Now we are getting somewhere. This approach closely resembles the approach
used by Peter Norvig here http://norvig.com/beal.html, with the exception that
there are some more efficient ways to cache data and build the search
structure. Even in Python, this approach is pretty speedy. Norvig reports
results for several different search spaces, including 3 minutes for `max_base = max_pow = 100`

.
Unfortunately the costs explode with large spaces such as 19
hours for `max_pow = 1000`

and `max_base = 100`

, and 39 days `max_pow = 100`

and `max_base = 10,000`

.

We can distribute the search problem by assigning worker nodes disjoint
partitions of the search space. However, the mechanism we have described uses
infinite precision arithmetic which adds a lot of overhead both in time and
space, limiting per-node scalability.
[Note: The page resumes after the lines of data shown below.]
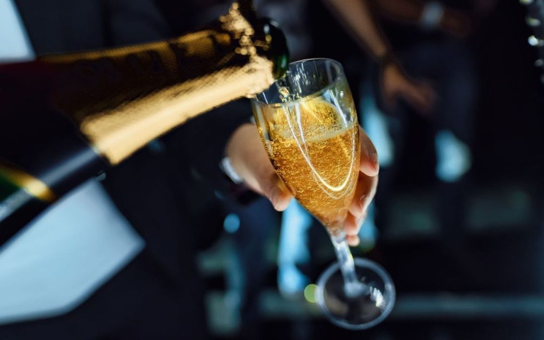 On a dark background of party hand pours a gold drink with bubbles from a bottle of sparkling wine.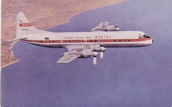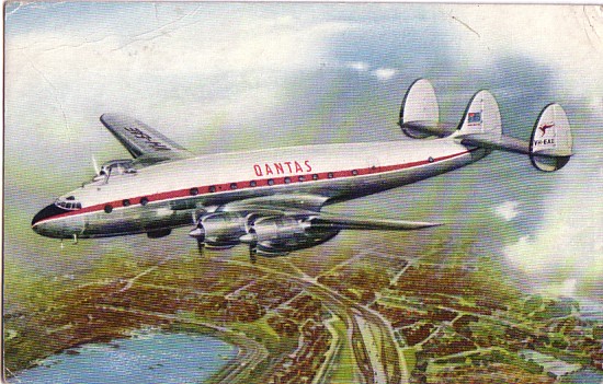 I have a number of Constellations and the nicest, I think, is this drawing, marked on the reverse Qantas Empire Airways operating on the London-Sydney Kangaroo service with a cruising speed of 260mph.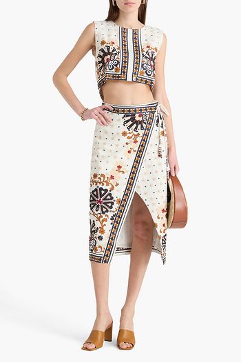 Pleated printed lyocell and cotton-blend poplin midi skirt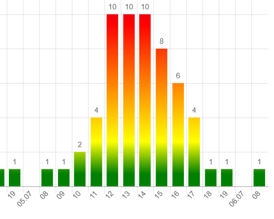 Согласно прогнозу, 10-балльный показатель будет наблюдаться в 12:00-14:00. После этого уровень начнет постепенно снижаться.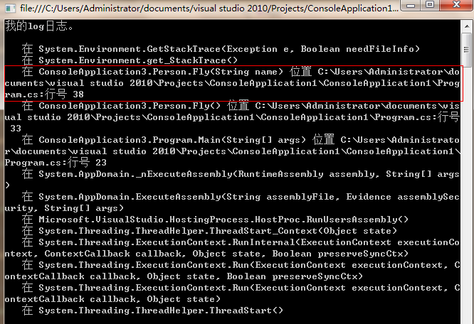 class Program { static void Main(string[] args) { Person person = new Person(); person.Fly(); Console.Read(); } } class Person { public void Fly() { Fly("test"); } public void Fly(string name) { Console.WriteLine("我的log日志。\n\n{0}", Environment.StackTrace); } }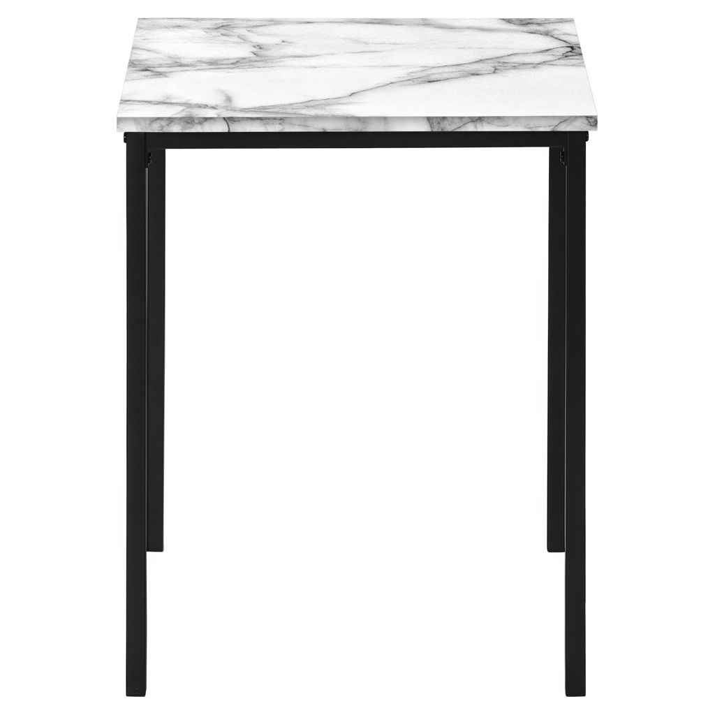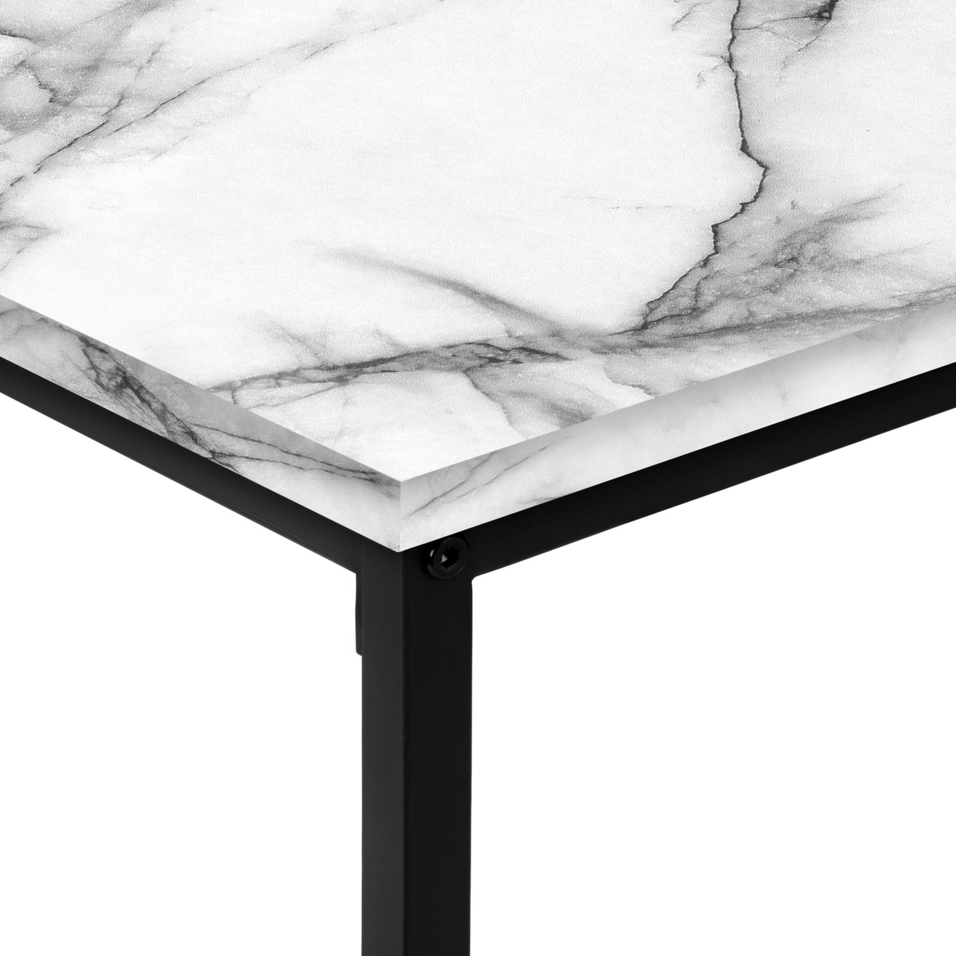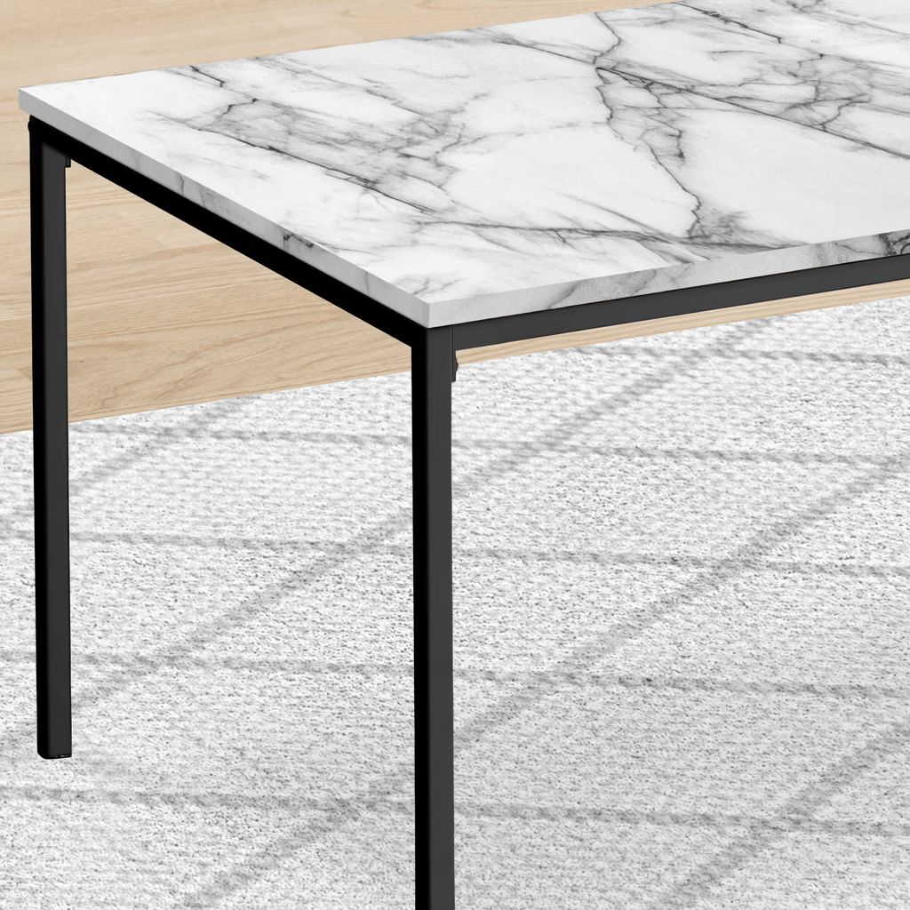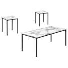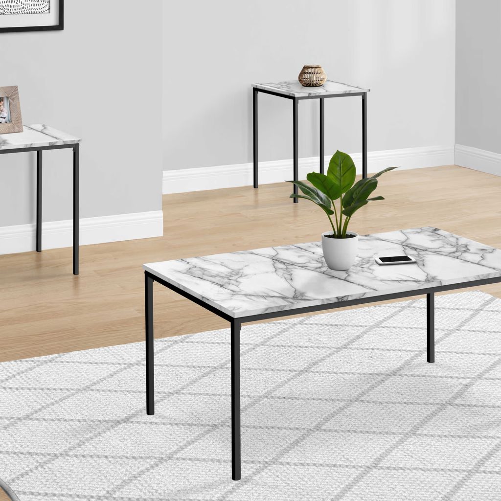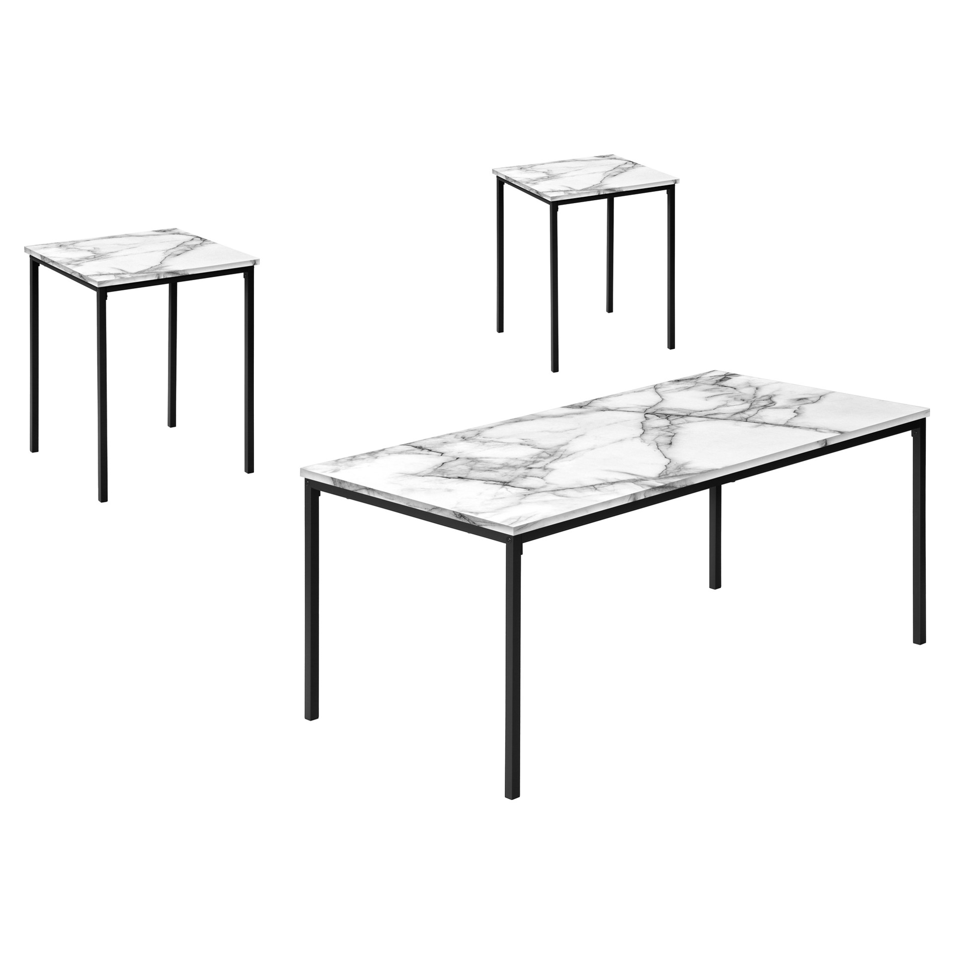 Create a stylish living room setup with this 3 piece table set. This fashionable set includes one coffee table and two end tables, each with a sleek white marble effect top and durable black metal frame.

For instance, the value `1000^1000`

contains about 3000 digits. Operations on numbers this large can’t be
performed as efficiently compared to numbers that are stored in 64-bit
registers.

In the previous approach described here http://norvig.com/beal.html, Peter Norvig proposed doing all arithmetic modulo large 64-bit prime numbers. This has the advantage that all operations are very efficient, but results may be false positives and must be verified. However, if we can sufficiently reduce the number of potential counterexamples, the savings realized from performing verification using infinite precision arithmetic on a small percentage of the total space may be far outweighed by the cost of using infinite precision arithmetic exclusively. This is exactly the approach taken in http://www.danvk.org/wp/beals-conjecture/. Next I’ll describe how to incorporate modulo arithmetic to make the search more efficient.

In the previous section we described the 1st generation algorithm and a set of optimizations that significantly improve performance over a naive implementation. However, the 1st generation algorithm used infinite precision arithmetic which limits scalability because of the costs associated with operations on large numbers. Performing modulo arithmetic can circumvent the problem.

The motivation for using modulo arithmetic is to reduce the number of bits
needed to represent the values we are working with. While space savings is
important, numeric operations on values that fit into CPU registers are
extremely fast compared to the algorithms used to perform infinite precision
arithmetic. The approach is based off the observation that if `a^x + b^y = c^z`

then for a value `p1`

, `(a^x + b^y) mod p1 = c^z mod p1`

. By keeping `p1`

small enough, we can force all values to fit within a CPU register. For
instance, `789^999`

is a number with 2895 digits. However, `789^999 mod 4294967291`

is `1153050910`

which easily fits into a 64-bit CPU register.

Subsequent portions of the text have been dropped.